# [DIRECTIONS FOR THIS TASK]
Omit the pictures. Transcribe exactly the lines below, from the one with "Изменения индекса интенсивности" up to and including the last.

# [RAW DATA]
-- Opening Marker --

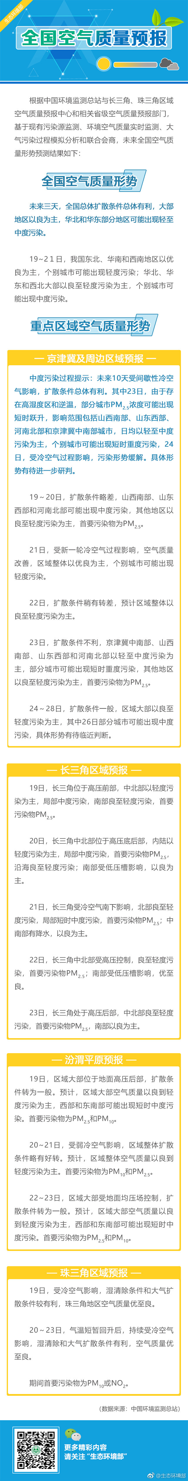 據(jù)生態(tài)環(huán)境部官方微博消息,未來三天(11月19-21日),全國(guó)總體擴(kuò)散條件總體有利,大部地區(qū)以良為主,華北和華東部分地區(qū)可能出現(xiàn)輕至中度污染。
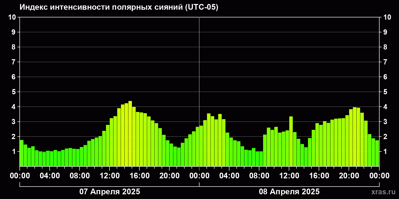 Изменения индекса интенсивности полярных сияний с 2025-04-07 по 2025-04-08 по местному времени
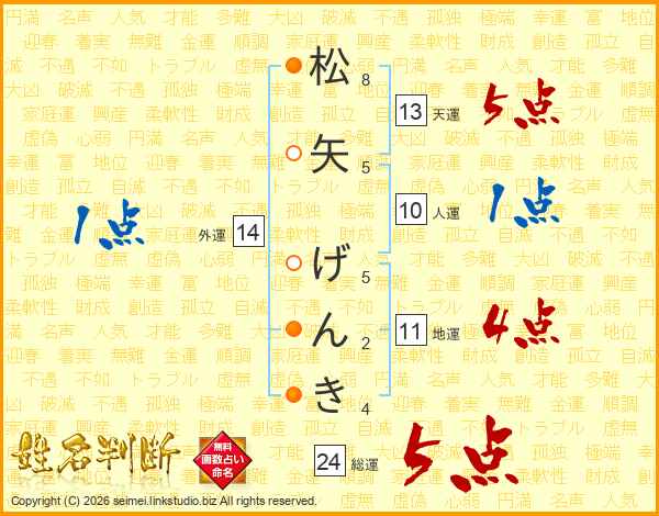 松(8画)矢(5画) げ(5画)ん(2画)き(4画)

-- Closing Marker --

# [RESPONSE FOR THIS EXERCISE]
 Изменения индекса интенсивности полярных сияний с 2025-04-07 по 2025-04-08 по местному времени
 松(8画)矢(5画) げ(5画)ん(2画)き(4画)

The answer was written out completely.